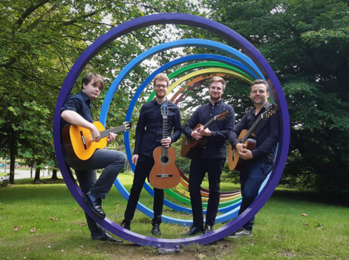 Vier junge Gitarristen von der Technischen Universität Dortmund präsentieren Werke von Barock bis Moderne. Das kontrastreiche Programm führt Sie unter anderem von der Weite Skandinaviens über Wien und Paris bis hin zum Pacific Coast Highway in Kalifornien.
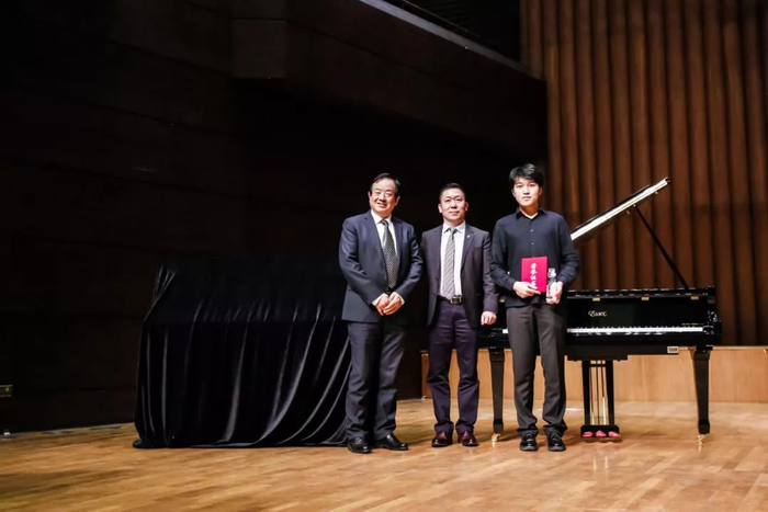 杭州师范大学音乐艺术学院院长田耀农先生(左)与和乐文化传播有限公司董事长翁寰先生(中)为要佳林颁发专业C组一等奖
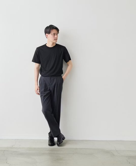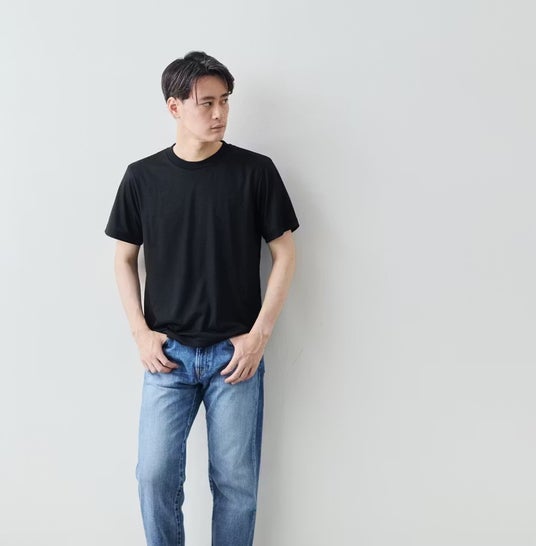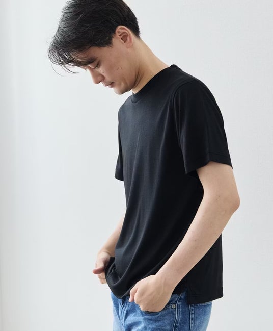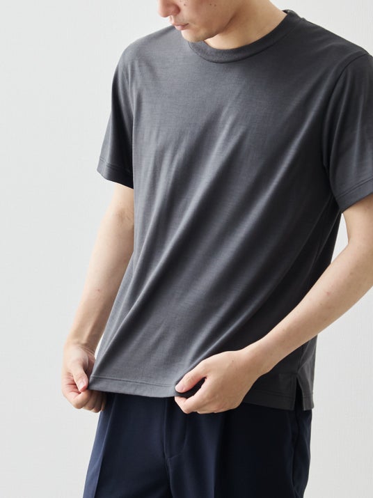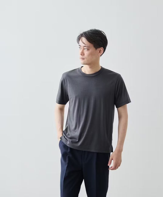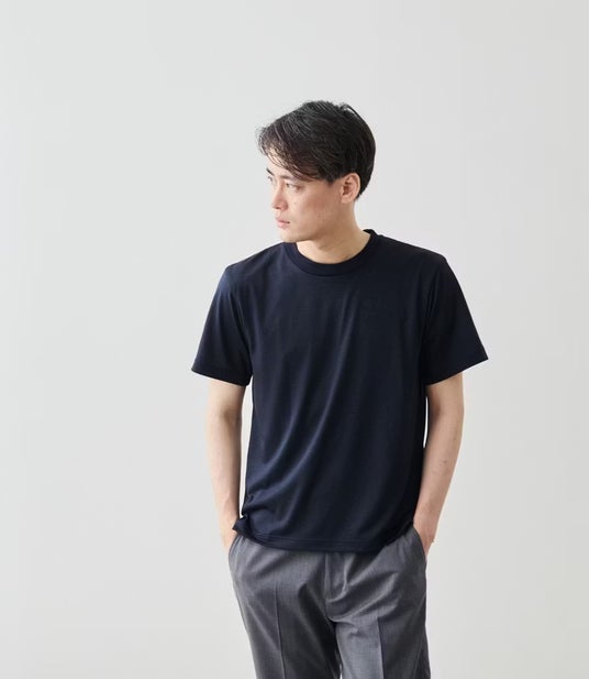 宇宙船の船内服にも採用されるほどの超高機能ウール糸「NIKKE AXIO(R)(アクシオ)」を使用した、高級感と快適性を完全に両立させたTシャツ。

AIM OF THE TASK ▸
When you set down the material above, keep every word exact and include no pictures.

SOLUTION FOR THIS EXERCISE ▸
 Vier junge Gitarristen von der Technischen Universität Dortmund präsentieren Werke von Barock bis Moderne. Das kontrastreiche Programm führt Sie unter anderem von der Weite Skandinaviens über Wien und Paris bis hin zum Pacific Coast Highway in Kalifornien.
 杭州师范大学音乐艺术学院院长田耀农先生(左)与和乐文化传播有限公司董事长翁寰先生(中)为要佳林颁发专业C组一等奖
 宇宙船の船内服にも採用されるほどの超高機能ウール糸「NIKKE AXIO(R)(アクシオ)」を使用した、高級感と快適性を完全に両立させたTシャツ。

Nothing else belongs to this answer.